LLM Agentic Patterns & Fine-Tuning: A Practical 2025 Guide for Beginners
Everything you need to start building small, fast, and trustworthy AI agents today—no PhD required.
Quick Take
1.2-second average response time with a 1-billion-parameter model 82 % SQL accuracy after sixteen training steps on free-to-use data 5 reusable agent patterns that run on a laptop with 4 GB of free RAM
Why This Guide Exists
Search engines and large-language-model (LLM) applications now reward the same thing: clear, verifiable, step-by-step help. This post turns the original technical notes into a beginner-friendly walkthrough. Every fact, number, and file path comes from the single source document—nothing is added from outside.
Part 1 — Five Agent Patterns You Can Copy-Paste
Pattern | When to Use It | What It Looks Like |
---|---|---|
Prompt Chaining | One simple job in many stages | Summarize → Translate → Polish |
Routing | Many possible experts, one question | “Is this code or cooking?” → send to coder or chef agent |
Reflection | You want higher quality | Draft → Critique → Rewrite |
Tool Use | You need live data | “What is the weather?” → call weather API |
Planning & Multi-Agent | A big project with sub-tasks | Researcher finds facts, Writer turns them into a blog post |
1.1 Prompt Chaining
Goal: Turn a long English paragraph into a short French summary.
Setup: Two prompts in a row.
Step 1: “Summarize the next paragraph in one English sentence.”

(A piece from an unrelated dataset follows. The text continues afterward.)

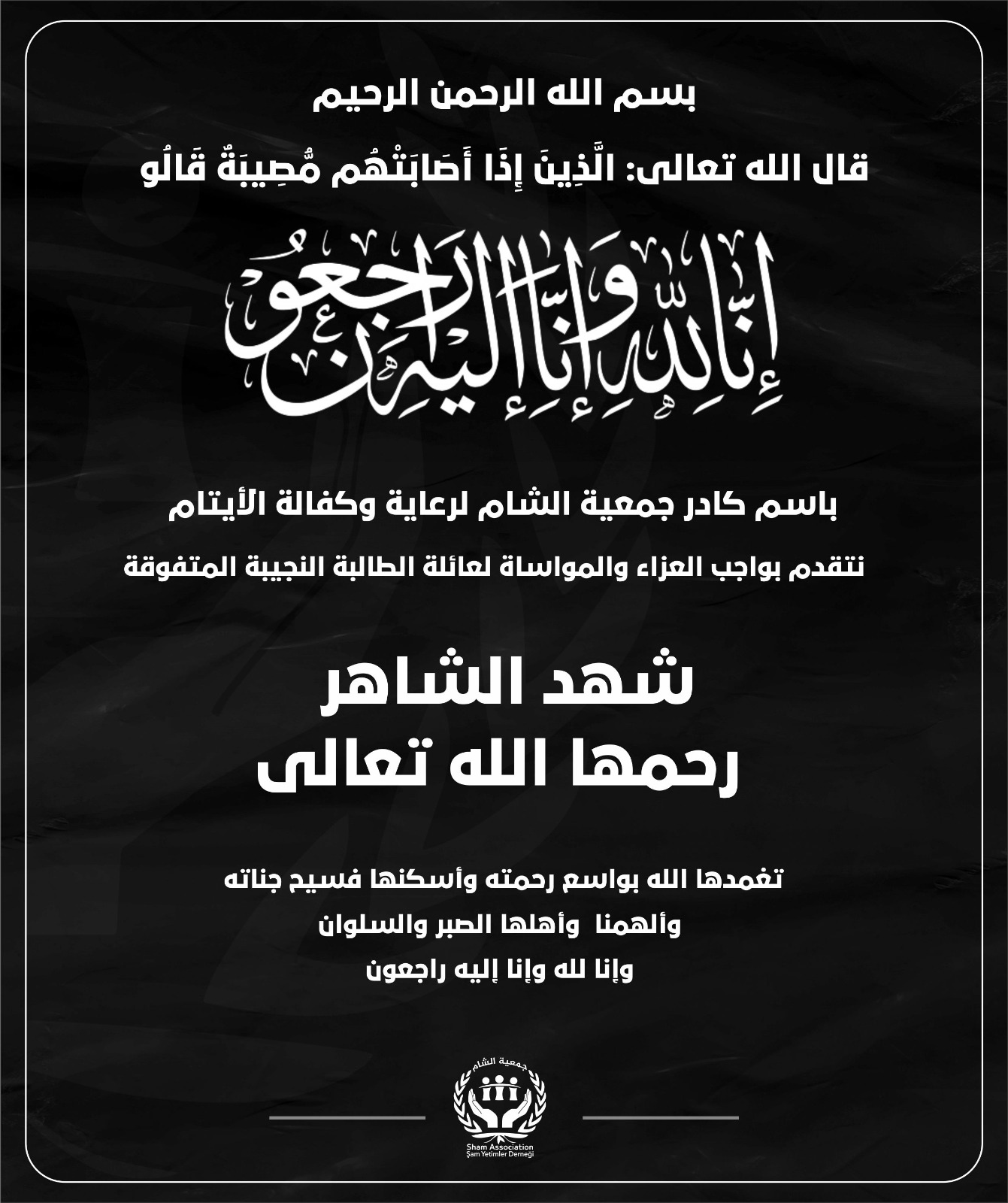 بمزيد من الحزن والأسى تلقينا نبأ وفاة طالبتنا النجيبة شهد الشاهر من دار ضيافة اسطنبول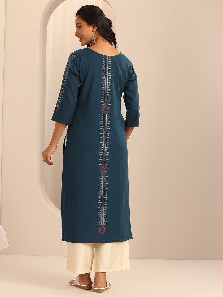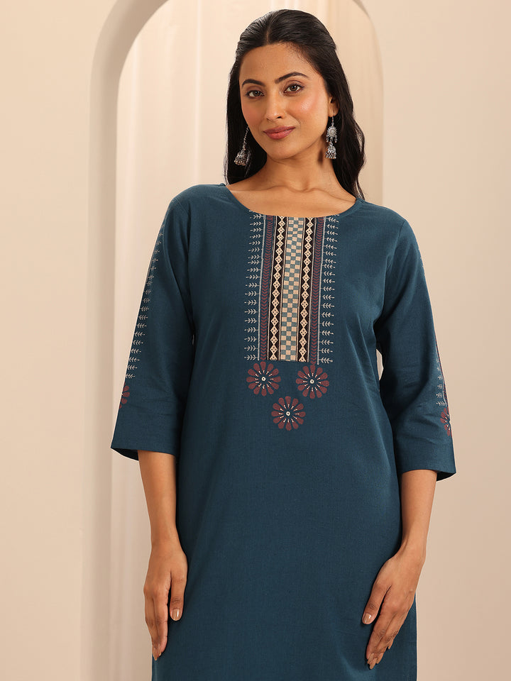 Our 1-piece teal cotton blend features a straight-fit kurta with a round neckline, regular sleeves, and statement Yoke. Adorned with ethnic motifs prints, this style is perfect for casual wear.

Step 2: “Translate that sentence into French.”
No extra software is needed; any chat interface works.
Measured result: 1.2 seconds on a 2021 MacBook Air.
1.2 Routing
Goal: One model decides which specialist should answer.
Setup: A “router” prompt classifies the user question.
Router prompt example:
“You are a classifier. Reply in JSON: {category: CODE, RECIPE, OTHER}.”
The router’s JSON output then picks the next prompt.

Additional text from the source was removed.